===== Provided data =====

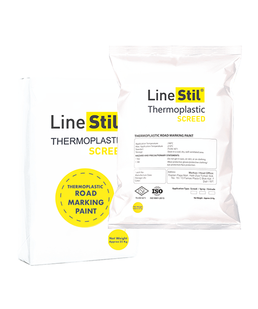 - LineStil®/Thermoplastic Screed Road Marking Paint is a type of paint that offers high long-term reflection, adhesion, and abrasion resistance performance on asphalt surfaces. One of its significant advantages is that the application area can be opened to traffic within 2 to 4 minutes, depending on the surface temperature, due to its fast drying time.
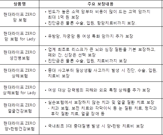 | ▲ [표 : 현대라이프 ZERO 상품구성] | ||
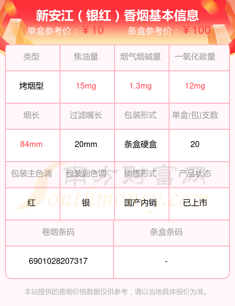 新安江(软)参考价11元/包、新安江(蓝)参考价10元/包、新安江(银红)参考价10元/包等。
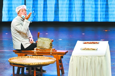 商业服务业技能大赛总结汇报会上,卢振英展示中药切片技术。
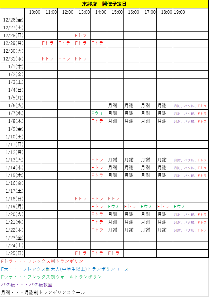 【月謝制】トランポリンスクール空き状況

=====

Task prompt:
From the line holding "新安江(软)参考价11元/包" to the last line of the listing, please output each line exactly as it stands. Pictures stay out of the copy.

Output for this task:
 新安江(软)参考价11元/包、新安江(蓝)参考价10元/包、新安江(银红)参考价10元/包等。
 商业服务业技能大赛总结汇报会上,卢振英展示中药切片技术。
 【月謝制】トランポリンスクール空き状況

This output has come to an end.